HPMCOUNT (Return to TOC)

Hpmcount may be used either serially or in the parallel operating environment (poe). Its usage is simple. Either:
 

prompt% hpmcount [-h] [-o <filename>] [-s <set>] [-e ev[,ev]*] <program>

or:

prompt% poe hpmcount [-h] [-o <filename>] [-s <set>] [-e ev[,ev]*] <program>

where:

"-h" prints a help page

"-o <filename> " directs output to a file name. This filename is appended with a process ID number so a parallel run of eight P.E.'s will generate eight unique output files.

"-s <set>" are predefined sets of events. They correspond to the following:

Event set 1
Event set 2
Event set 3
Event set 4
Cycles
Cycles
Cycles
Cycles
Inst. completed
Inst. completed
Inst. completed
TLB misses
TLB misses
TLB misses
I cache misses
Loads completed
Stores completed
Stores dispatched
FXU0 ops
Stores completed
Loads completed
L1 store misses
FXU1 ops
L2 load misses
FPU0 ops
Loads dispatched
FXU2 ops
L2 store misses
FPU1 ops
L1 load misses
FPU0 ops
Branches
FMAs executed
LSU idle
FPU1 ops
Misspredicted branches
 
"-e ev[,ev]*" list of event numbers, separated by commas. ev<i> corresponds to event selected for counter <i>.

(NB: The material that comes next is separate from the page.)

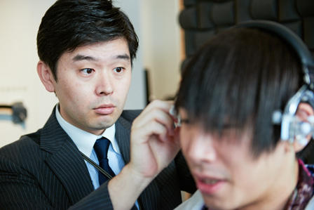 松尾:「Just ear」の場合はまず、私どもが試行錯誤しながら開発したオリジナルのヘッドゲージをつけていただき、より緻密に耳の型を採っていきます。最初は耳の中の状態を細かくチェックします。中に耳垢がないかなど、衛生面も含めて。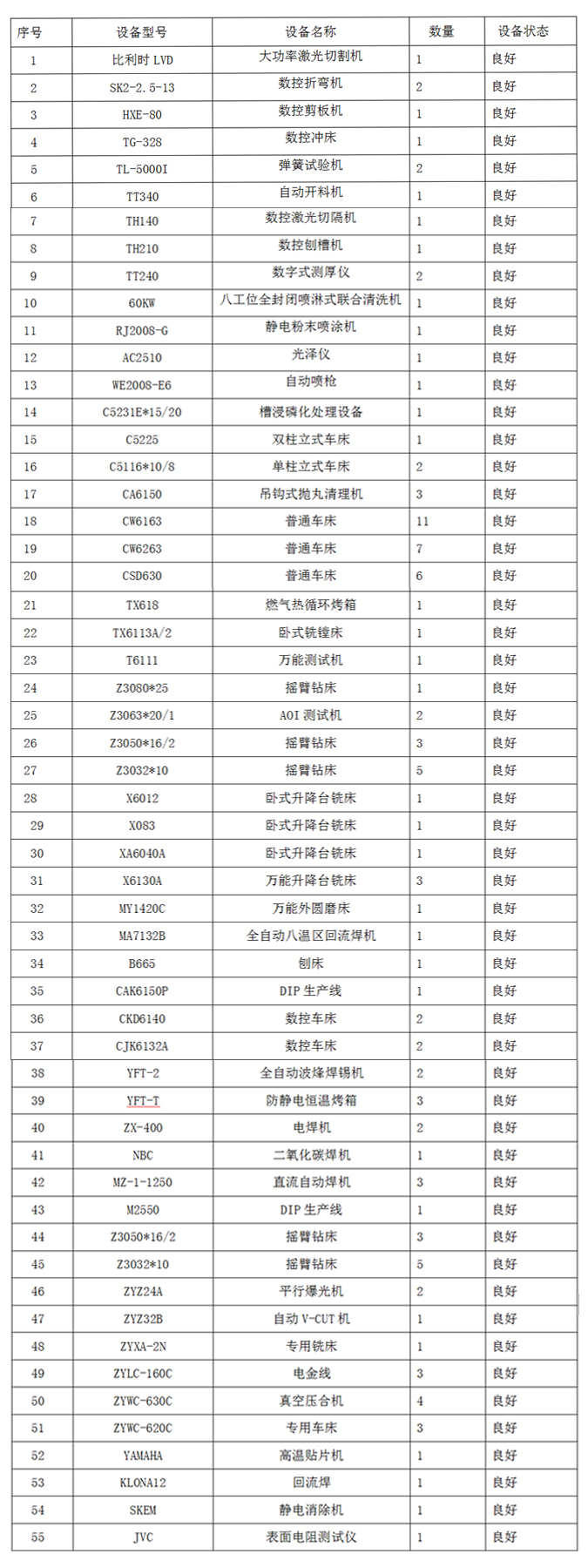 為了提高企業的產品競爭能力,在企業建立以來,不斷進行設備投入,使企業的生產能力不斷提高。具體見主要設備一覽表及附圖。

"<program>" the program executable.


Note: On the Indiana University IBM SP, hpmcount exists in "/miscapps/HPMToolkit/bin." If this directory is not in your path, the hpmcount command will require an absolute path name to reach it.

An example output of our default events:
 

1: PM_CYC (Cycles) : 5212517
1: PM_INST_CMPL (Instructions completed) : 4244988
1: PM_TLB_MISS (TLB misses) : 9921
1: PM_ST_CMPL (Stores completed) : 1094537
1: PM_LD_CMPL (Loads completed) : 843816
1: PM_FPU0_CMPL (FPU 0 instructions) : 343
1: PM_FPU1_CMPL (FPU 1 instructions) : 84
1: PM_EXEC_FMA (FMAs executed) : 65
NOTE: In the above example, the "1:" is a result of setting the environment variable, MP_LABELIO , to "YES" in a poe (MPI) job. This is because each processor returns identical categories of statistics. Without this variable set, it is impossible to tell with P.E. is reporting which set of statistics.

Also present in the output file are a set of Resource Usage Statistics. The default set of the these statistics for a sample job are:

1: ######## Resource Usage Statistics ########
 

1: Total amount of time in user mode : 0.030000 seconds
1: Total amount of time in system mode : 0.040000 seconds
1: Maximum resident set size : 2664 Kbytes
1: Average shared memory use in text segment : 20 Kbytes*sec
1: Average unshared memory use in data segment : 10488 Kbytes*sec
1: Number of page faults without I/O activity : 939
1: Number of page faults with I/O activity : 1
1: Number of times process was swapped out : 0
1: Number of times file system performed INPUT : 0
1: Number of times file system performed OUTPUT : 0
1: Number of IPC messages sent : 0
1: Number of IPC messages received : 0
1: Number of signals delivered : 36
1: Number of voluntary context switches : 394
1: Number of involuntary context switches : 11


And a summary:
 

1: Utilization rate : 0.196 %
1: Avg number of loads per TLB miss : 85.054
1: Load and store operations : 1.938 M
1: Instructions per load/store : 2.190
1: MIPS : 0.600
1: Instructions per cycle : 0.814
1: HW Float points instructions per Cycle : 0.000
1: Floating point instructions + FMAs : 0.000 M
1: Float point instructions + FMA rate : 0.000 Mflip/s
1: FMA percentage : 26.423 %
1: Computation intensity : 0.000


1: Total execution time (wall clock time): 7.077179 seconds
 


LIBHPM (Return to TOC)

The libhpm library provides for instrumenting requested sections of FORTRAN, C and C++ program applications. In the words of the developers:

Libhpm supports multiple instrumentation points, nested instrumentation, and each instrumented point can be called multiple times. When nested instrumentation is used, exclusive duration is generated for the outer points. Average and standard deviation is provided when an instrumented point is activated multiple times.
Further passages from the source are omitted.